Exercise instructions: Leaving the pictures aside, reproduce the data in full and word for word.

Records from a collection
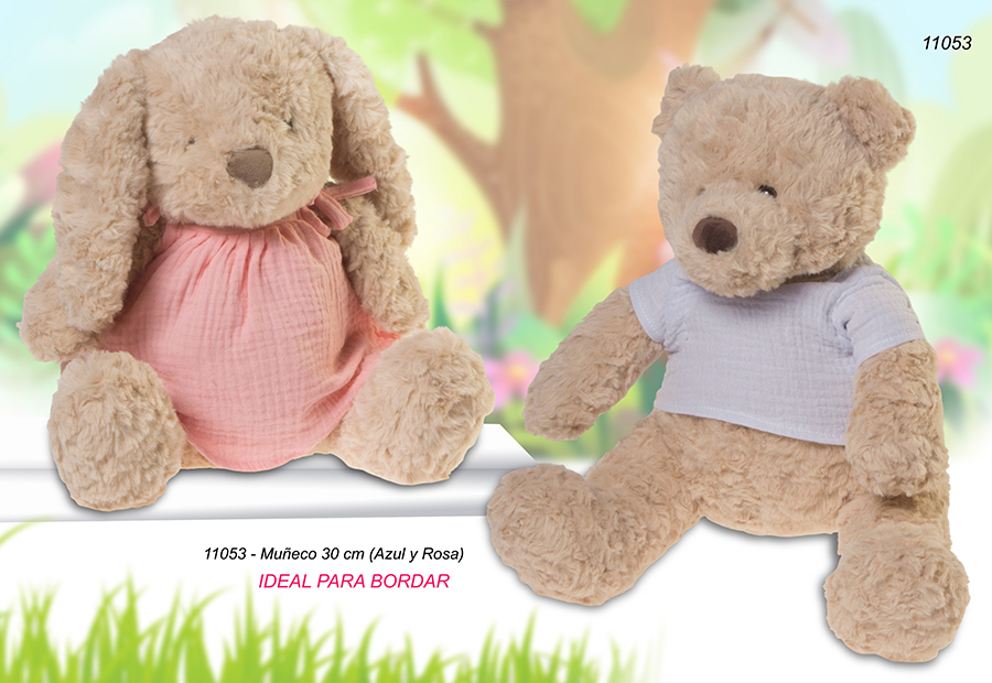 Peluche en forma de osito y conejo ideal para bordar de la marca Gamberritos. Altura de 30 cm. Dos colores disponibles: Rosa (conejo) - Azul (oso). El conejo se quita el vestido para facilitar su personalización deshaciendo el nudo de los tirantes del vestido. En el caso del oso, la camiseta se quita con velcro. Packaging en bolsa de pvc protectora.
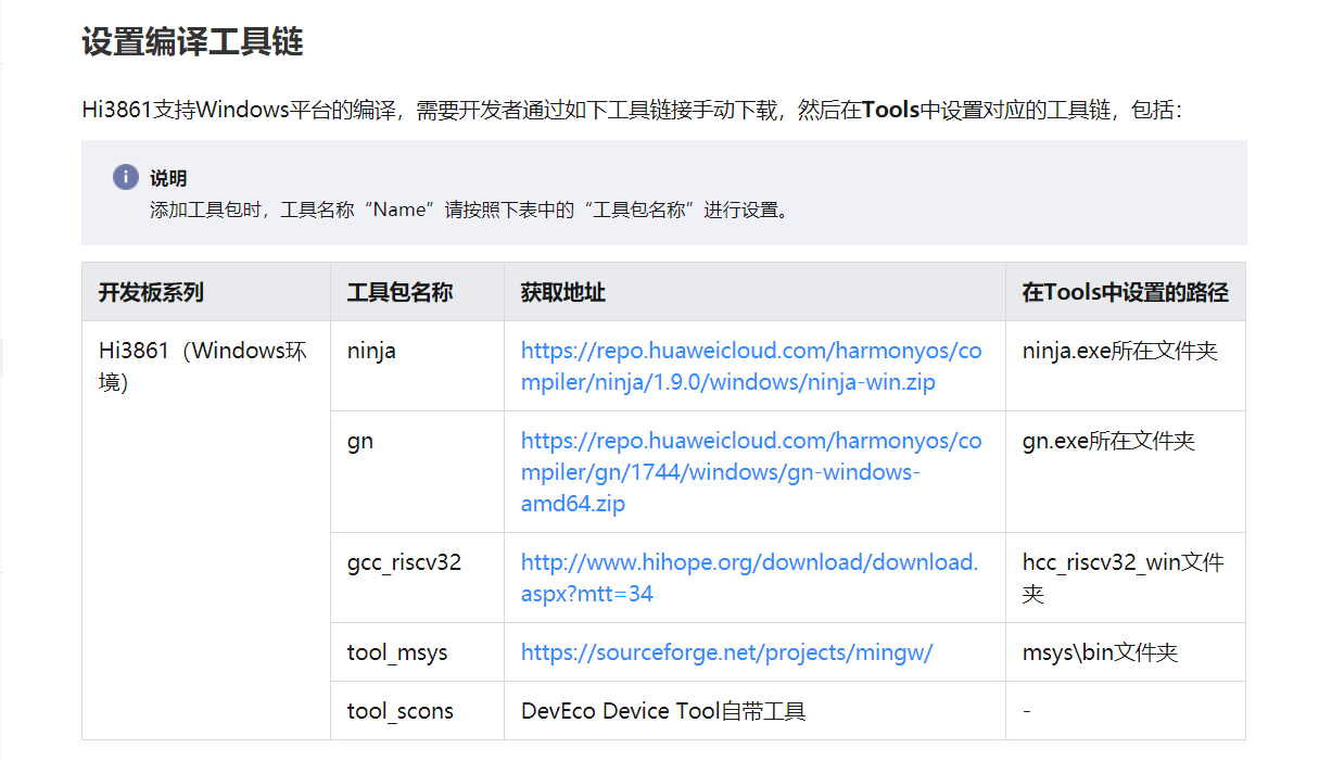 先看这个表,相对于之前的表来看,针对工具链来说只是将原来的Git变为了mingw。但是仔细看会发现,原来的ninja和gn,一个是需要去github下,一个要去外网下,对国内网络的用户都并不友好。
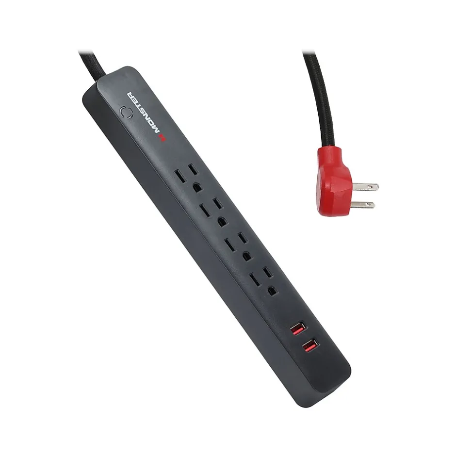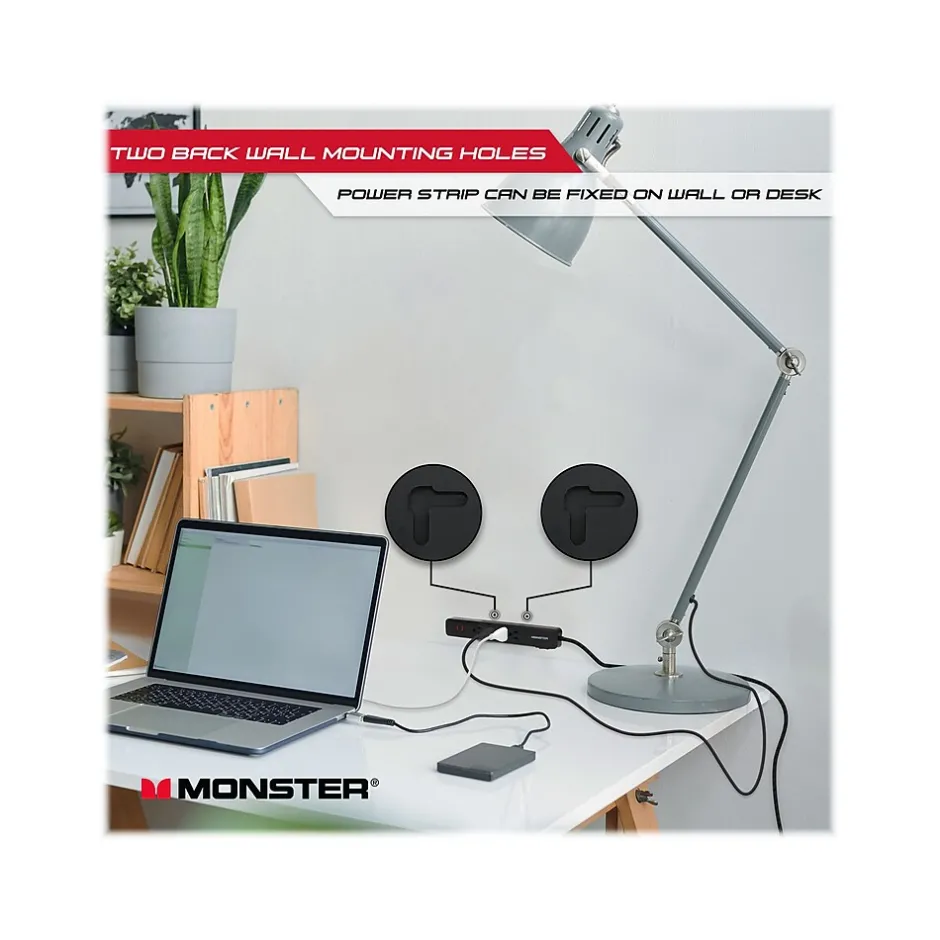 Plug multiple devices without worries with the Monster power strip surge protector that safeguards your electronics and office equipment from permanent damage due to power surges caused by storms or outages. This power strip provides protection for four plug-in devices with up to 600 joule energy rating for maximum performance. Featuring USB charging, this surge protector safeguards not only your AV equipment, but powers and protects mobile devices, like a smartphone or tablet. Also, this power strip can be fixed on desk or wall with two back wall-mounting holes. Monster surge protector provides reliable safety when you need it.
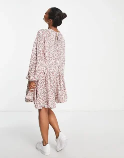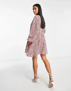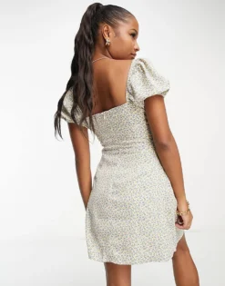 Glamorous Petite Square Neck Tie Back Midi Tea Dress In Mint Lilac Ditsy For Women Mint Lilac Floral
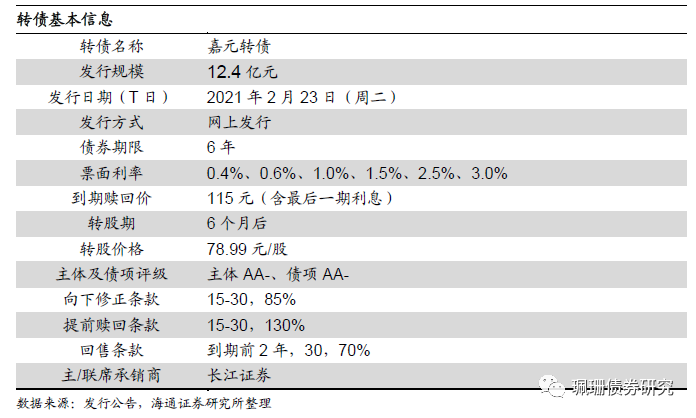 嘉元转债发行规模12.4亿元,期限6年,评级AA-,网上发行,网上申购日为2月23日(周二、T日)。转债初始平价103.05元(按2月22日收盘价计算),债底81.87元,纯债YTM3.29%。下修条款(15-30,85%)、赎回条款(15-30,130%),回售条款(30,70%),整体看债底保护不高,条款保持主流模式。申购方面我们预计中签率0.007%-0.009%左右,上市价格113-116元左右。嘉元转债为科创板的首只转债,我们认为股价不出现大幅波动的情况下,转债上市破面的风险不大,一级申购可积极关注。
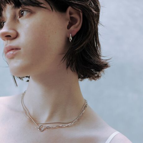 2種類のチェーンを組み合わせた動きのあるデザインは、シンプルながらも首元で存在感を発揮。
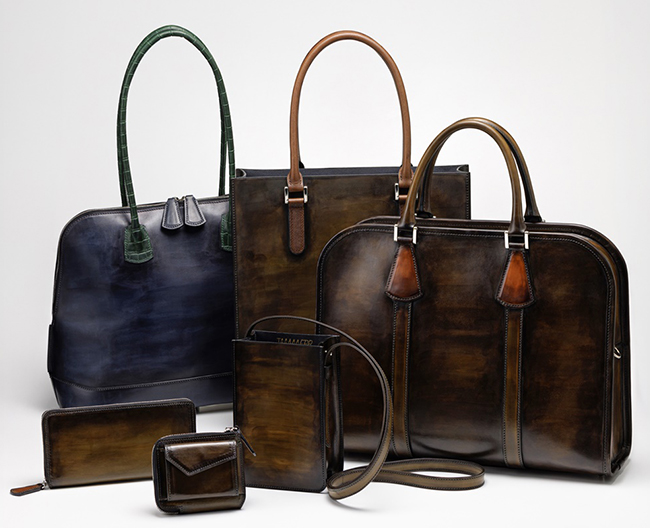 ブランドを象徴する、堅牢な美しい「ピットヌメ革」の縦型トートバッグや革小物、さらに新作のクロコダイル型押し(牛革)のシリーズも登場いたします。
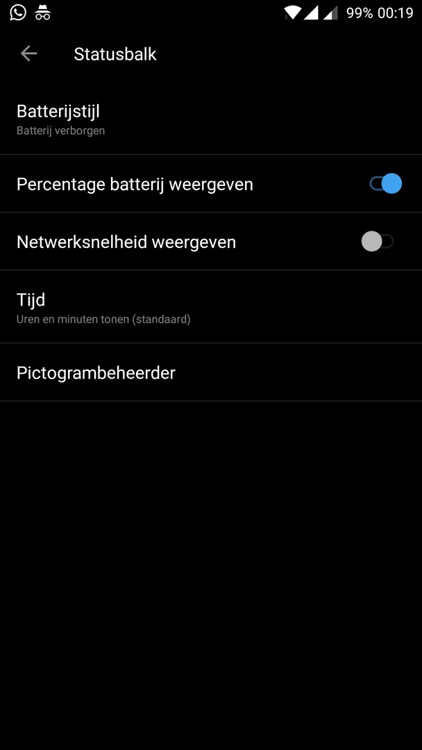 En idd, direct en percentage van batterij in statusbar mis ik... Het is wel te zijn als je je topmenu naar beneden slide.
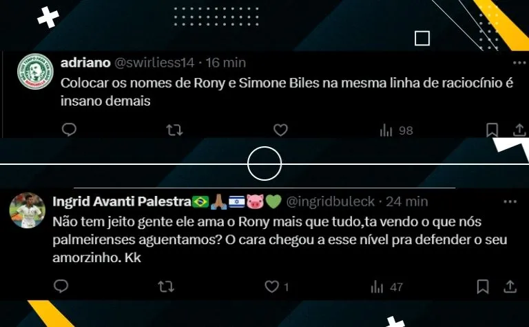 O treinador português chegou a citar a ginasta estadunidense Simone Biles, medalhista de ouro nos Jogos Olímpicos de Paris, para fazer um paralelo com a situação de Rony no Palmeiras. O camisa 10 tem sofrido duras críticas da torcida do Verdão.
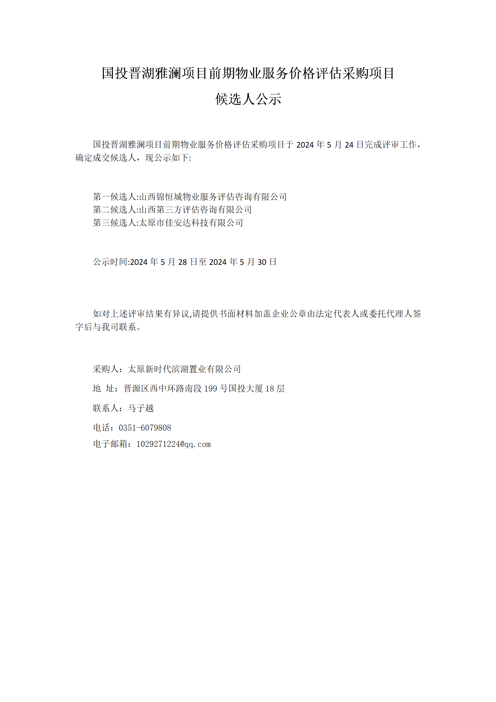 國投晉湖雅瀾項(xiàng)目前期物業(yè)服務(wù)價(jià)格評估采購項(xiàng)目候選人公示
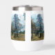 An autumn art design of a fir tree and a person enjoying some peace and quiet.
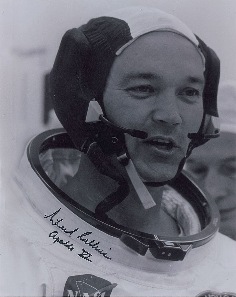 Satin-finish 8 x 10 close-up photo of the Apollo 11 command module pilot wearing his space suit, signed in black felt tip, "Michael Collins, Apollo XI." In very fine condition.
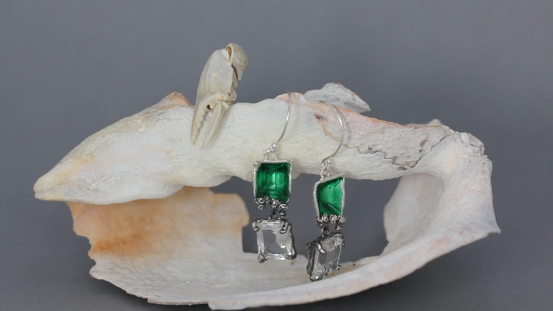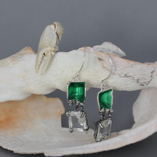 These handmade earrings will have you looking twice to make sure they are not real precious emerald gemstones... For those looking for a sustainable an ethical option to mined precious gemstones. The bottom section including a crab claw holds a large shimmering quartz gemstone.
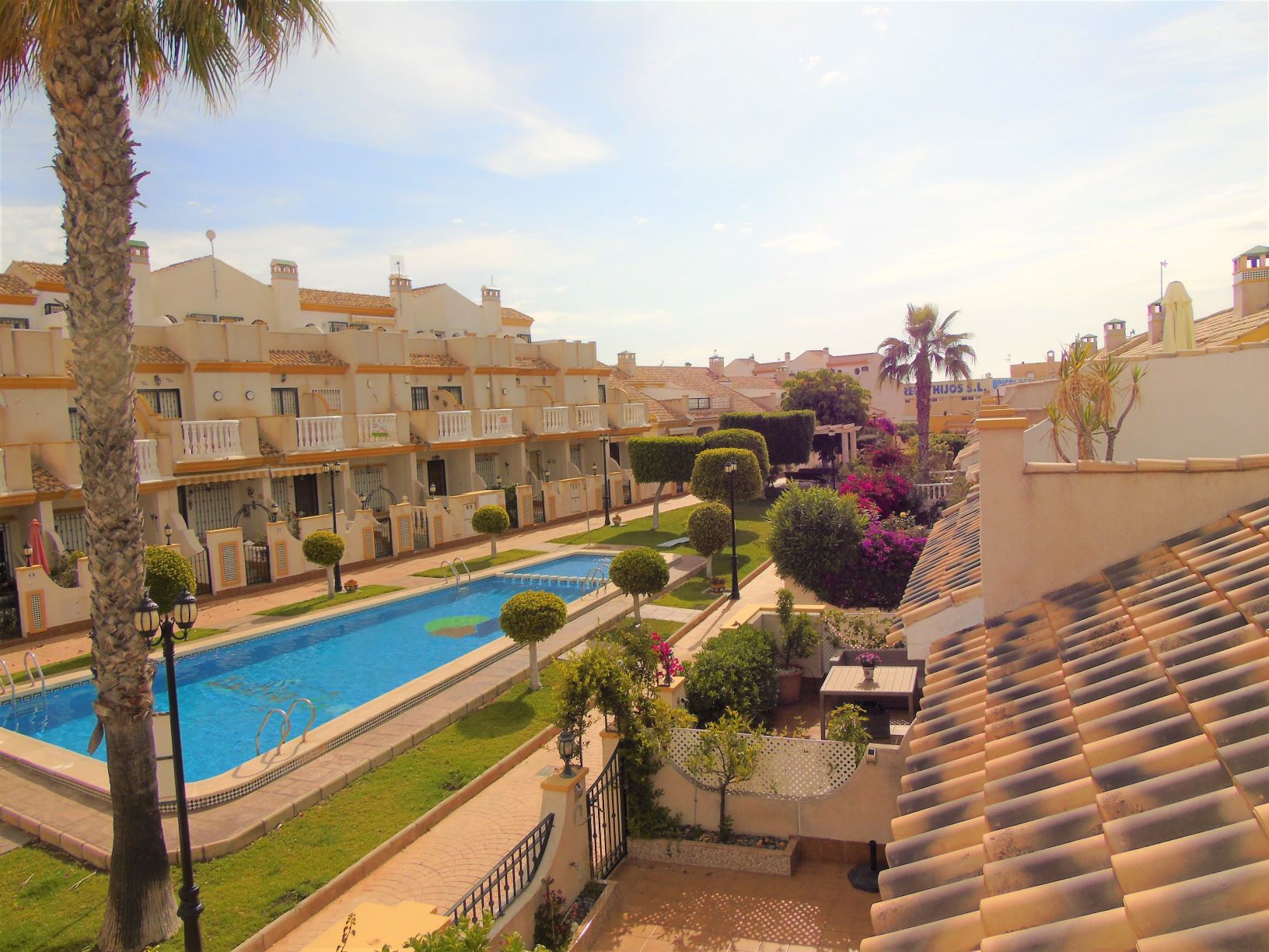 This gated complex offers 2 fantastic communal pools with mature gardens ideal for all year round living.The property itself is only a short stroll to all local amenities and the blue flag award winning beach of Cabo Roig, it is set inside Zenia Golf IV and has direct views of the lovely communal pool from the garden and the terrace. On entry to the Bungalow there is a a large lounge / dining area with an open fireplace and also has a double bedroom with en-suite, to the rear of the lounge. There is a separate kitchen / utility room and storage room. On the upper level you have a master bedroom with en-suite facilities and also access to a large terrace with pool views, you also have the benefit of a small 3rd bedroom.
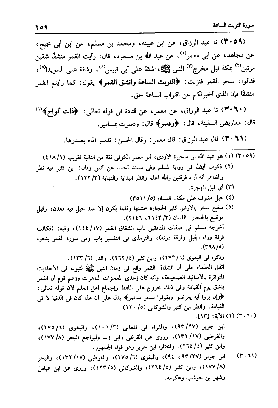 3059 - عَنِ ابْنِ عُيَيْنَةَ , وَمُحَمَّدِ بْنِ مُسْلِمٍ , عَنِ ابْنِ أَبِي نَجِيحٍ , عَنْ مُجَاهِدٍ , عَنْ أَبِي مَعْمَرٍ , عَنْ عَبْدِ اللَّهِ بْنِ مَسْعُودٍ , قَالَ: رَأَيْتُ الْقَمَرَ مُنْشَقًّا شِقَّيْنِ مَرَّتَيْنِ بِمَكَّةَ قَبْلَ مَخْرَجِ النَّبِيِّ صَلَّى اللهُ عَلَيْهِ وَسَلَّمَ , شِقَّةٌ عَلَى أَبِي قُبَيْسٍ , وَشِقَّةٌ عَلَى السُّوَيْدَا , فَقَالُوا: سُحِرَ الْقَمَرُ , فَنَزَلَتِ {اقْتَرَبَتِ السَّاعَةُ وَانْشَقَّ} [القمر: 1] الْقَمَرُ يَقُولُ: «§كَمَا رَأَيْتُمُ الْقَمَرَ مُنْشَقًّا , فَإِنَّ الَّذِي أَخْبَرْتُكُمْ عَنِ اقْتِرَابِ السَّاعَةِ حَقٌّ»

Your solution:
 Peluche en forma de osito y conejo ideal para bordar de la marca Gamberritos. Altura de 30 cm. Dos colores disponibles: Rosa (conejo) - Azul (oso). El conejo se quita el vestido para facilitar su personalización deshaciendo el nudo de los tirantes del vestido. En el caso del oso, la camiseta se quita con velcro. Packaging en bolsa de pvc protectora.
 先看这个表,相对于之前的表来看,针对工具链来说只是将原来的Git变为了mingw。但是仔细看会发现,原来的ninja和gn,一个是需要去github下,一个要去外网下,对国内网络的用户都并不友好。
 Plug multiple devices without worries with the Monster power strip surge protector that safeguards your electronics and office equipment from permanent damage due to power surges caused by storms or outages. This power strip provides protection for four plug-in devices with up to 600 joule energy rating for maximum performance. Featuring USB charging, this surge protector safeguards not only your AV equipment, but powers and protects mobile devices, like a smartphone or tablet. Also, this power strip can be fixed on desk or wall with two back wall-mounting holes. Monster surge protector provides reliable safety when you need it.
 Glamorous Petite Square Neck Tie Back Midi Tea Dress In Mint Lilac Ditsy For Women Mint Lilac Floral
 嘉元转债发行规模12.4亿元,期限6年,评级AA-,网上发行,网上申购日为2月23日(周二、T日)。转债初始平价103.05元(按2月22日收盘价计算),债底81.87元,纯债YTM3.29%。下修条款(15-30,85%)、赎回条款(15-30,130%),回售条款(30,70%),整体看债底保护不高,条款保持主流模式。申购方面我们预计中签率0.007%-0.009%左右,上市价格113-116元左右。嘉元转债为科创板的首只转债,我们认为股价不出现大幅波动的情况下,转债上市破面的风险不大,一级申购可积极关注。
 2種類のチェーンを組み合わせた動きのあるデザインは、シンプルながらも首元で存在感を発揮。
 ブランドを象徴する、堅牢な美しい「ピットヌメ革」の縦型トートバッグや革小物、さらに新作のクロコダイル型押し(牛革)のシリーズも登場いたします。
 En idd, direct en percentage van batterij in statusbar mis ik... Het is wel te zijn als je je topmenu naar beneden slide.
 O treinador português chegou a citar a ginasta estadunidense Simone Biles, medalhista de ouro nos Jogos Olímpicos de Paris, para fazer um paralelo com a situação de Rony no Palmeiras. O camisa 10 tem sofrido duras críticas da torcida do Verdão.
 國投晉湖雅瀾項(xiàng)目前期物業(yè)服務(wù)價(jià)格評估采購項(xiàng)目候選人公示
 An autumn art design of a fir tree and a person enjoying some peace and quiet.
 Satin-finish 8 x 10 close-up photo of the Apollo 11 command module pilot wearing his space suit, signed in black felt tip, "Michael Collins, Apollo XI." In very fine condition.
 These handmade earrings will have you looking twice to make sure they are not real precious emerald gemstones... For those looking for a sustainable an ethical option to mined precious gemstones. The bottom section including a crab claw holds a large shimmering quartz gemstone.
 This gated complex offers 2 fantastic communal pools with mature gardens ideal for all year round living.The property itself is only a short stroll to all local amenities and the blue flag award winning beach of Cabo Roig, it is set inside Zenia Golf IV and has direct views of the lovely communal pool from the garden and the terrace. On entry to the Bungalow there is a a large lounge / dining area with an open fireplace and also has a double bedroom with en-suite, to the rear of the lounge. There is a separate kitchen / utility room and storage room. On the upper level you have a master bedroom with en-suite facilities and also access to a large terrace with pool views, you also have the benefit of a small 3rd bedroom.
 3059 - عَنِ ابْنِ عُيَيْنَةَ , وَمُحَمَّدِ بْنِ مُسْلِمٍ , عَنِ ابْنِ أَبِي نَجِيحٍ , عَنْ مُجَاهِدٍ , عَنْ أَبِي مَعْمَرٍ , عَنْ عَبْدِ اللَّهِ بْنِ مَسْعُودٍ , قَالَ: رَأَيْتُ الْقَمَرَ مُنْشَقًّا شِقَّيْنِ مَرَّتَيْنِ بِمَكَّةَ قَبْلَ مَخْرَجِ النَّبِيِّ صَلَّى اللهُ عَلَيْهِ وَسَلَّمَ , شِقَّةٌ عَلَى أَبِي قُبَيْسٍ , وَشِقَّةٌ عَلَى السُّوَيْدَا , فَقَالُوا: سُحِرَ الْقَمَرُ , فَنَزَلَتِ {اقْتَرَبَتِ السَّاعَةُ وَانْشَقَّ} [القمر: 1] الْقَمَرُ يَقُولُ: «§كَمَا رَأَيْتُمُ الْقَمَرَ مُنْشَقًّا , فَإِنَّ الَّذِي أَخْبَرْتُكُمْ عَنِ اقْتِرَابِ السَّاعَةِ حَقٌّ»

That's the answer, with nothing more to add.